Magnetic abrasive machining disclosed in U.S. Pat. No. 4,211,041 has the disadvantages of a weak magnetic field and gradient between poles, due to the fact that poles of two electromagnet systems are not connected by yoke, but instead are connected by direct and feedback electrical connection. Also, when the pole of the rotor is located in a gap between the poles of the conductor. The machining is not performed at all. Between this extreme conditions, the workpieces are machined only partially.
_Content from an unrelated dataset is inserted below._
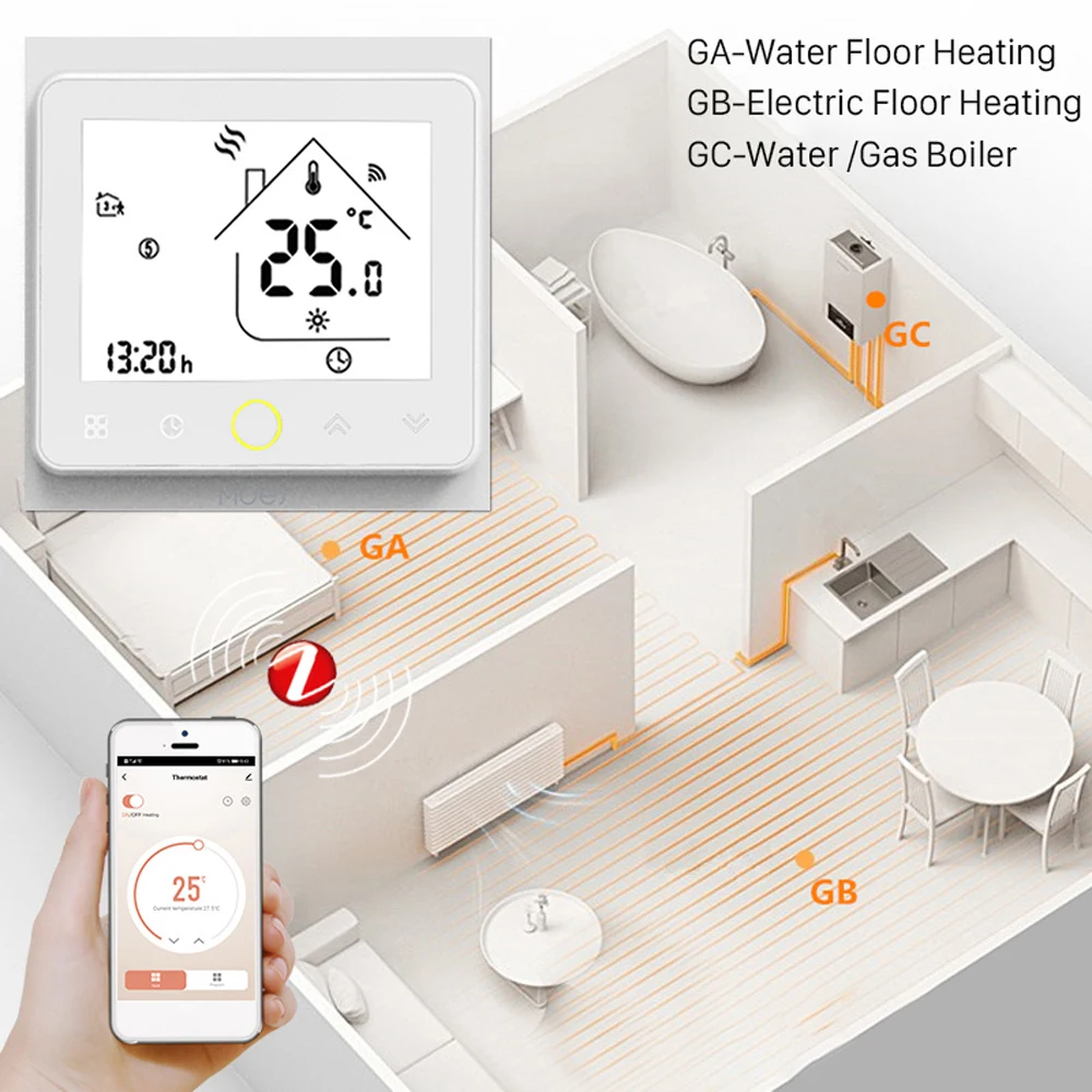 Интеллектуальный термостат Tuya ZigBee: функциональная система отопления с протоколом ZigBee, встроенная для интеллектуального управления водным полом, электрическим отоплением и системой нагрева воды/Газа, обеспечивает максимальное и всестороннее удобство для вашей умной жизни при температуре дома, (Примечание: текущая нагрузка составляет 5А) фокусируется на изготовлении простого, человеческого, Восхитительные чувства к вашему дому, и этот вид цвета подходит для различных стилей украшения, даже с коррекцией температуры и поддержкой детского замка.

Finally, the electric circuitry is connected with changing of polarity of the rotor electromagnetic poles so that each counter opposed pair of inductors and rotor poles will have a different polarity which is very complicated.
The existing chemical-mechanical polishing has its own disadvantages. In particular, the wafer is hard to clean, it has a relatively high cost, it is of limited productivity, and single-pass system and end-point detection are unavailable. In this process, a polishing pad, slurry and special wafer clamping technique are utilized. Silicon wafer requires polishing in several stages, in particular initially the wafer surface has to be polished for removing surface defects, then oxide surface after each lithography step has to be removed and than action process must be formed to achieve planarization. The polishing fluid is an alkaline solution which contains chemical reactive particles with a size of approximately 100 nm. The material removal rate in this process involves chemical and mechanical process. A rise of temperature significantly increases the material removal rate. A significant part of the relatively high cost of this treatment is the cost of reactive particles with the size of 100 nm.